___ Data section ___

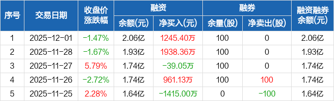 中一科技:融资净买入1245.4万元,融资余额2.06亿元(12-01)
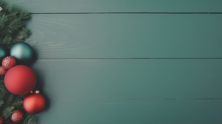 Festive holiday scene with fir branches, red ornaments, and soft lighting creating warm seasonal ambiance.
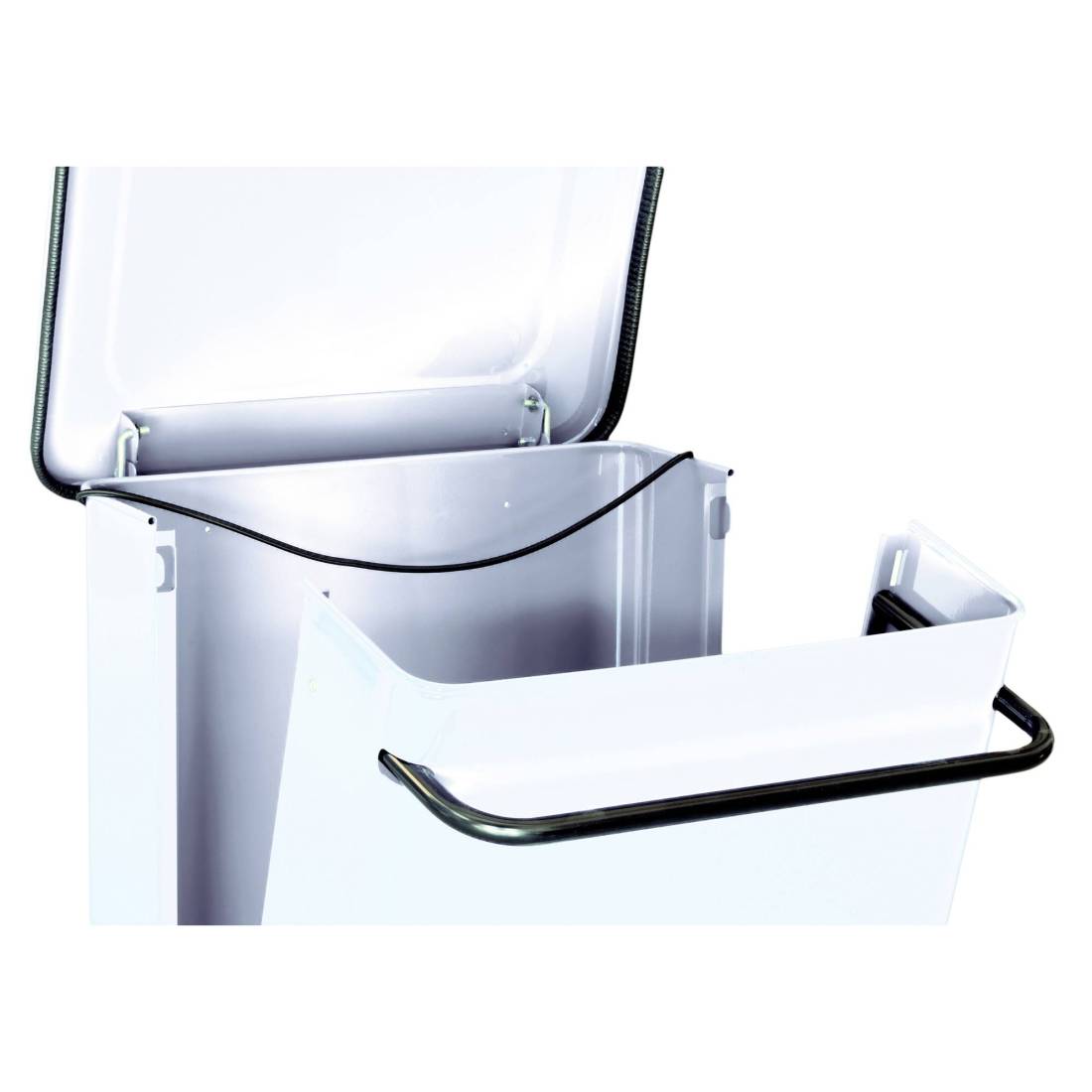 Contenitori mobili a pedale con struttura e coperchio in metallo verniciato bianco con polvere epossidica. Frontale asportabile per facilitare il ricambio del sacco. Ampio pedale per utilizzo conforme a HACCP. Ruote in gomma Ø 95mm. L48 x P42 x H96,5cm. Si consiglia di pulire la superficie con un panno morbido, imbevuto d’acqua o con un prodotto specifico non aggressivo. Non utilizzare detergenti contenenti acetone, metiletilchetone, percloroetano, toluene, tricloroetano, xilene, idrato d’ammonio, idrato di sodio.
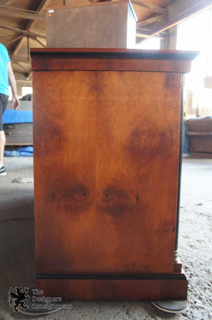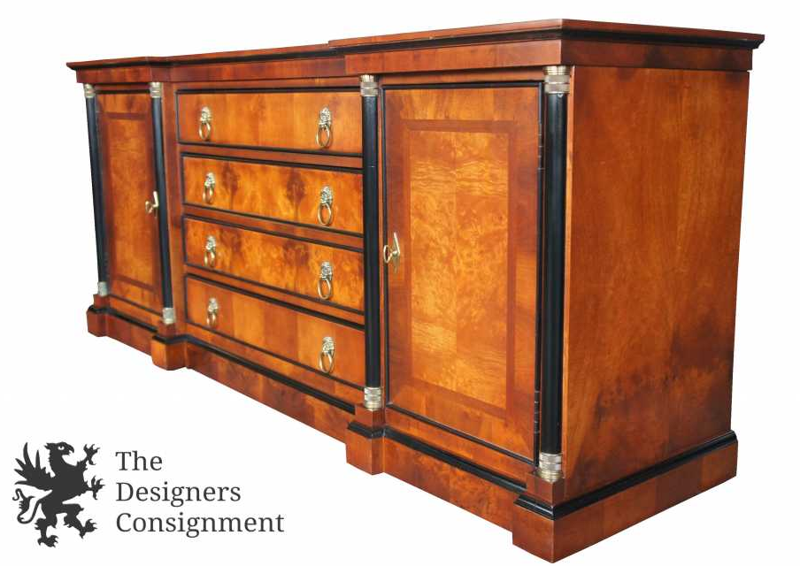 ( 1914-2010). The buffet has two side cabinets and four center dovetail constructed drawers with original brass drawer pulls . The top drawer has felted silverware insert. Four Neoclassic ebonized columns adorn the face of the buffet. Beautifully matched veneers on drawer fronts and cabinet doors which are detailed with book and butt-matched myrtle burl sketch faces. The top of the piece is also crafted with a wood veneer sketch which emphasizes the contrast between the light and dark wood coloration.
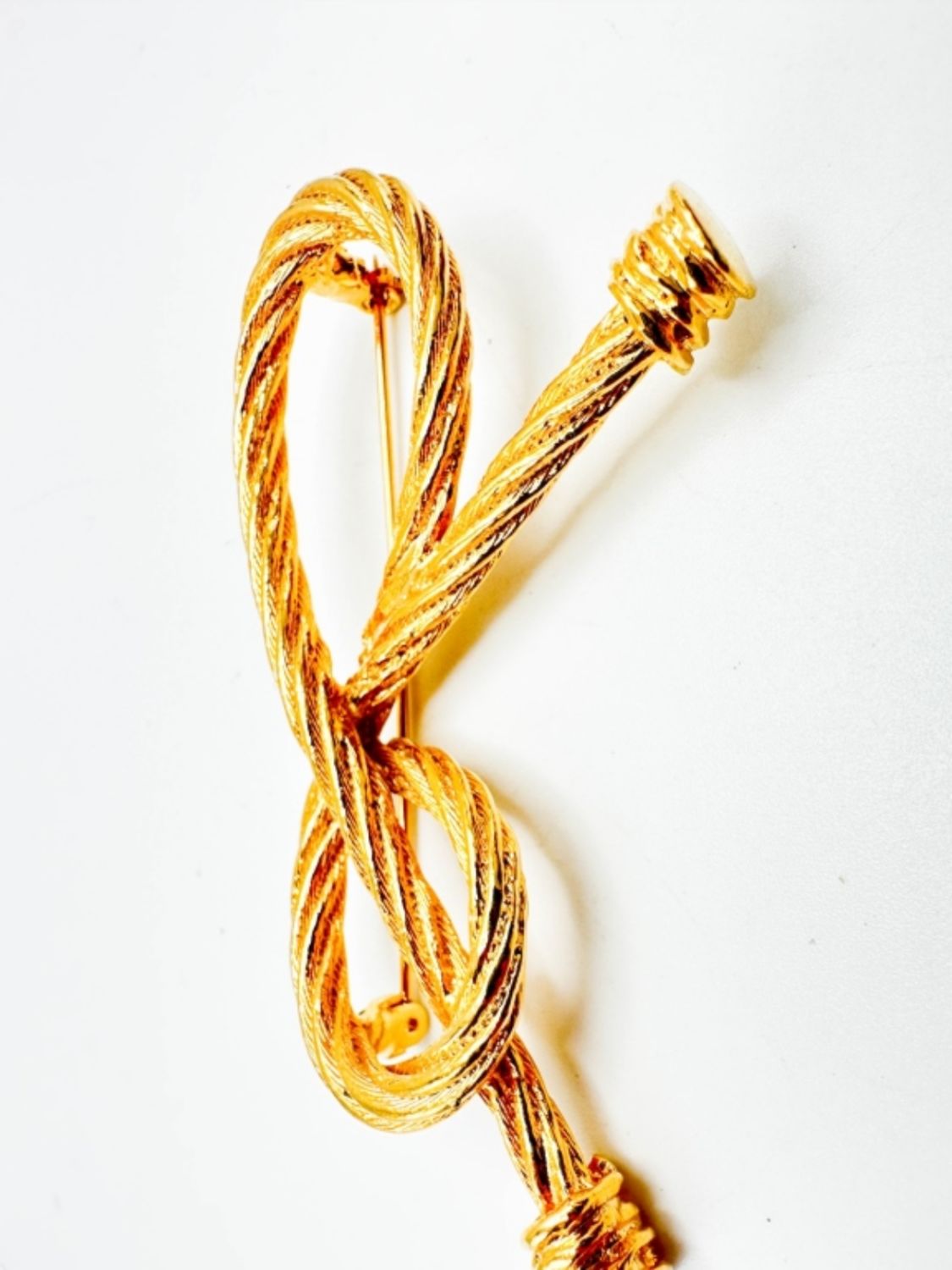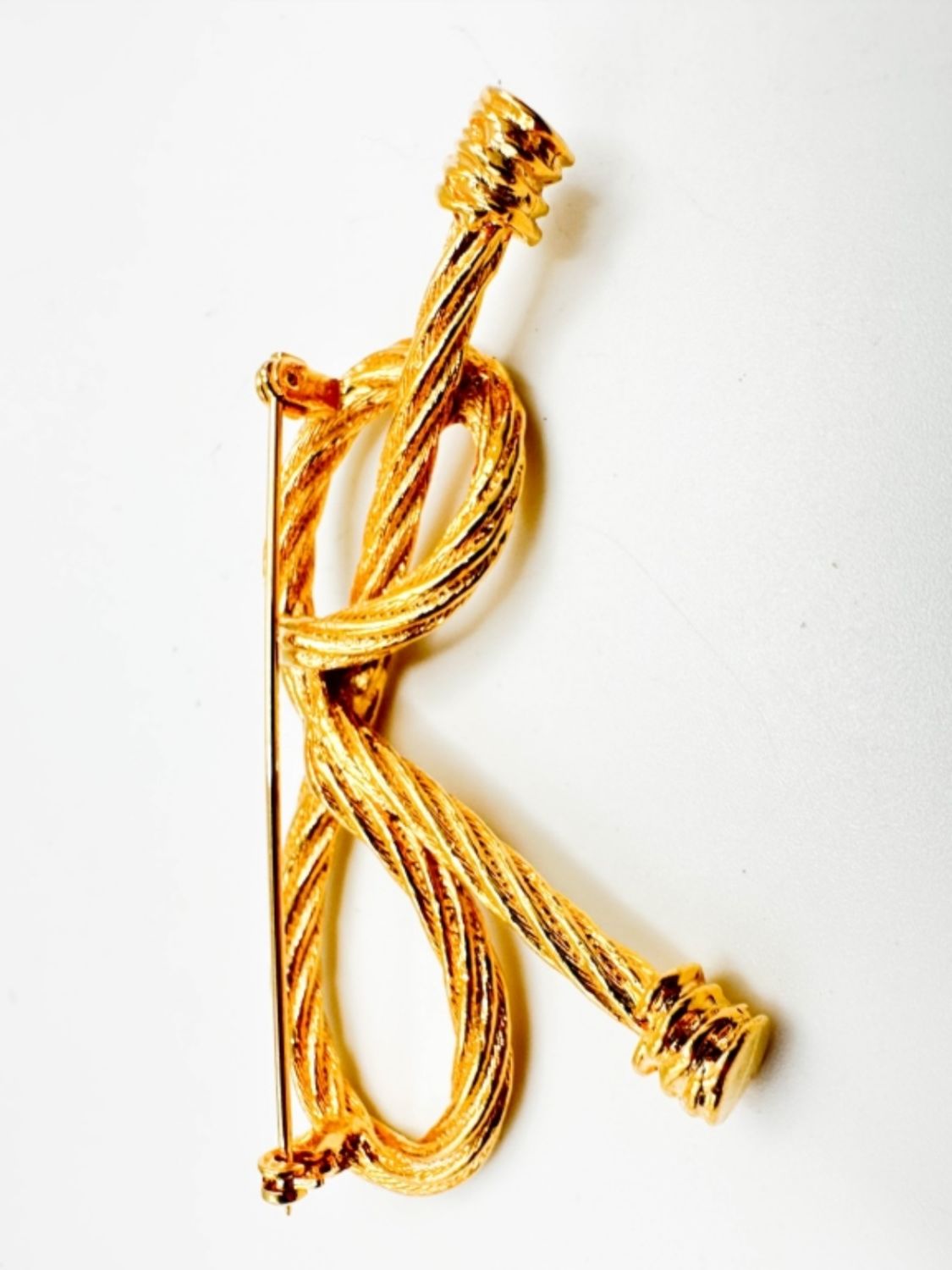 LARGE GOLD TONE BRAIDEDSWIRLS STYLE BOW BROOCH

___

◆ Exercise details ◆
Please output every entry above exactly, without the pictures.

◆ Response to the task ◆
 中一科技:融资净买入1245.4万元,融资余额2.06亿元(12-01)
 Festive holiday scene with fir branches, red ornaments, and soft lighting creating warm seasonal ambiance.
 Contenitori mobili a pedale con struttura e coperchio in metallo verniciato bianco con polvere epossidica. Frontale asportabile per facilitare il ricambio del sacco. Ampio pedale per utilizzo conforme a HACCP. Ruote in gomma Ø 95mm. L48 x P42 x H96,5cm. Si consiglia di pulire la superficie con un panno morbido, imbevuto d’acqua o con un prodotto specifico non aggressivo. Non utilizzare detergenti contenenti acetone, metiletilchetone, percloroetano, toluene, tricloroetano, xilene, idrato d’ammonio, idrato di sodio.
 ( 1914-2010). The buffet has two side cabinets and four center dovetail constructed drawers with original brass drawer pulls . The top drawer has felted silverware insert. Four Neoclassic ebonized columns adorn the face of the buffet. Beautifully matched veneers on drawer fronts and cabinet doors which are detailed with book and butt-matched myrtle burl sketch faces. The top of the piece is also crafted with a wood veneer sketch which emphasizes the contrast between the light and dark wood coloration.
 LARGE GOLD TONE BRAIDEDSWIRLS STYLE BOW BROOCH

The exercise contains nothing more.